Segment Start: EXTRACTED ENTRIES

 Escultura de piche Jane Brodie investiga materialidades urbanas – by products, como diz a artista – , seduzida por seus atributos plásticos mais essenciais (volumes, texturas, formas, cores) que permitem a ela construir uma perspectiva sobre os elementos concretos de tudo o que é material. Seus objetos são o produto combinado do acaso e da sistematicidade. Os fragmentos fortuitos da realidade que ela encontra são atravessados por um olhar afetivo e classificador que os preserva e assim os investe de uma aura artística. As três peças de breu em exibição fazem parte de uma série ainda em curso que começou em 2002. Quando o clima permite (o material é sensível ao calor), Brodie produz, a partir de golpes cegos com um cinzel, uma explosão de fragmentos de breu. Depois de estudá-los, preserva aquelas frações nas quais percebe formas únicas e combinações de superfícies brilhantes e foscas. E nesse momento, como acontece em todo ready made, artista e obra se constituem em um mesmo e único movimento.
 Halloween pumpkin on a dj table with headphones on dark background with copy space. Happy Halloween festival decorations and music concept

Segment End: EXTRACTED ENTRIES
Segment Start: EXTRACTED ENTRIES

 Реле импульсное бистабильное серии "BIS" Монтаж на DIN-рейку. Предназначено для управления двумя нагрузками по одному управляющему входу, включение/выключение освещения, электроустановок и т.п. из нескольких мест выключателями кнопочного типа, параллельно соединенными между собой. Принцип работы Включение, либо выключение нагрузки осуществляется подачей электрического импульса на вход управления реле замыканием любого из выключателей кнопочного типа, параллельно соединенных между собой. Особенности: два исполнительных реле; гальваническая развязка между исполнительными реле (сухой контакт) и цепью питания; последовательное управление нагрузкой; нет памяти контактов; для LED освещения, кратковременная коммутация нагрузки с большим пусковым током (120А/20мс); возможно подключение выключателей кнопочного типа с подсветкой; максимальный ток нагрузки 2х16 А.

Segment End: EXTRACTED ENTRIES
Segment Start: EXTRACTED ENTRIES

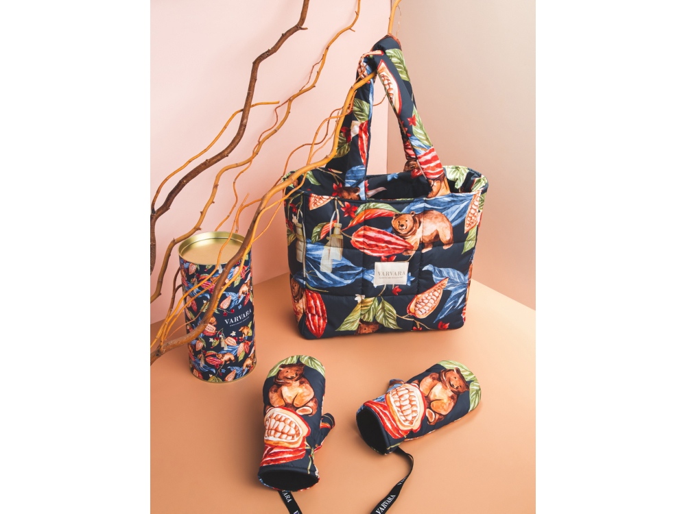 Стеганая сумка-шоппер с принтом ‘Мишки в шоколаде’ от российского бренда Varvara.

Segment End: EXTRACTED ENTRIES

Please, from the entries above, set down exactly the lines from the one containing "Escultura de piche" through the one containing "Halloween pumpkin on", and only those.

 Escultura de piche Jane Brodie investiga materialidades urbanas – by products, como diz a artista – , seduzida por seus atributos plásticos mais essenciais (volumes, texturas, formas, cores) que permitem a ela construir uma perspectiva sobre os elementos concretos de tudo o que é material. Seus objetos são o produto combinado do acaso e da sistematicidade. Os fragmentos fortuitos da realidade que ela encontra são atravessados por um olhar afetivo e classificador que os preserva e assim os investe de uma aura artística. As três peças de breu em exibição fazem parte de uma série ainda em curso que começou em 2002. Quando o clima permite (o material é sensível ao calor), Brodie produz, a partir de golpes cegos com um cinzel, uma explosão de fragmentos de breu. Depois de estudá-los, preserva aquelas frações nas quais percebe formas únicas e combinações de superfícies brilhantes e foscas. E nesse momento, como acontece em todo ready made, artista e obra se constituem em um mesmo e único movimento.
 Halloween pumpkin on a dj table with headphones on dark background with copy space. Happy Halloween festival decorations and music concept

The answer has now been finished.